Copy this entry to include/vki/vki-scnums-$(VG_PLATFORM).h.
If you can't find the system call in /usr/include, try looking in the
strace source code (https://github.com/strace/strace). Some syscalls/ioctls
are not defined explicitly, but strace may have already figured it out.
2. Do 'man 2 mysyscallname' to get some idea of what the syscall
does. Note that the actual kernel interface can differ from this,
so you might also want to check a version of the Linux kernel
source.
NOTE: any syscall which has something to do with signals or
threads is probably "special", and needs more careful handling.
Post something to valgrind-developers if you aren't sure.
3. Add a case to the already-huge collection of wrappers in
the coregrind/m_syswrap/syswrap-*.c files.
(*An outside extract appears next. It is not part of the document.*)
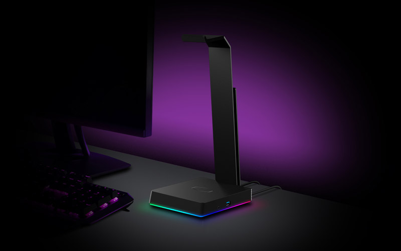 Il supporto per cuffie Cooler Master GS750 è il modo perfetto per tenere le tue cuffie al loro posto quando non le stai usando e spinge il limite con una serie di caratteristiche utili per darti più di un semplice supporto standard per cuffie. Nel menu c'è un caricatore a induzione Qi (wireless) fino a 10W, un sistema LED RGB personalizzabile via software, suono surround 7.1 integrato e un hub USB 3.0 a due porte.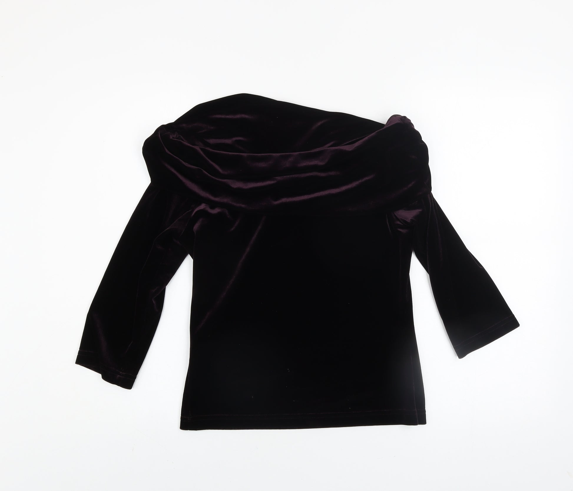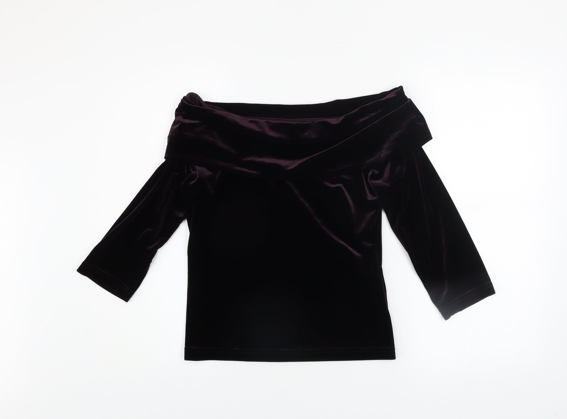 Elevate your evening wardrobe with this stunning purple velvet blouse from My Michelle. Designed for women who appreciate a chic yet comfortable fit, this off-the-shoulder top blends sophistication with a subtle touch of glamour. The luxurious velvet fabric brings a soft, rich texture that catches the light beautifully, making it ideal for both formal dinners and party occasions. Crafted from 90% polyester and 10% elastane, it offers just the right amount of stretch to contour gracefully to your silhouette without sacrificing ease of movement. The flattering off-the-shoulder neckline enhances femininity while the 3/4 sleeves add a modern, balanced look suitable for all-season wear—especially autumn and winter. The pullover style ensures effortless wearability, ideal for pairing with high-waisted skirts, tailored trousers, or elegant evening jeans for a timeless yet stylish ensemble. The regular fit maintains comfort while the tunic length adds versatility—perfect for layering with statement necklaces or bold accessories. Whether worn for a cocktail event, celebration, or dressy dinner, this blouse radiates understated sophistication. Made in the USA, the quality craftsmanship ensures lasting appeal and resilience. Despite showing only minimal, gentle signs of wear, the condition remains excellent with no visible marks or imperfections. A classic, solid-coloured piece that’s both elegant and versatile, this My Michelle off-shoulder velvet blouse makes an effortless addition to any modern woman’s wardrobe. Capture attention and comfort in one polished look that transitions beautifully from day to night.

For each in-memory parameter which is read or written by
the syscall, do one of
PRE_MEM_READ( ... )
PRE_MEM_RASCIIZ( ... )
PRE_MEM_WRITE( ... )
for that parameter. Then do the syscall. Then, if the syscall
succeeds, issue suitable POST_MEM_WRITE( ... ) calls.
(There's no need for POST_MEM_READ calls.)
Also, add it to the syscall_table[] array; use one of GENX_, GENXY
LINX_, LINXY, PLAX_, PLAXY.
GEN* for generic syscalls (in syswrap-generic.c), LIN* for linux
specific ones (in syswrap-linux.c) and PLA* for the platform
dependent ones (in syswrap-$(PLATFORM)-linux.c).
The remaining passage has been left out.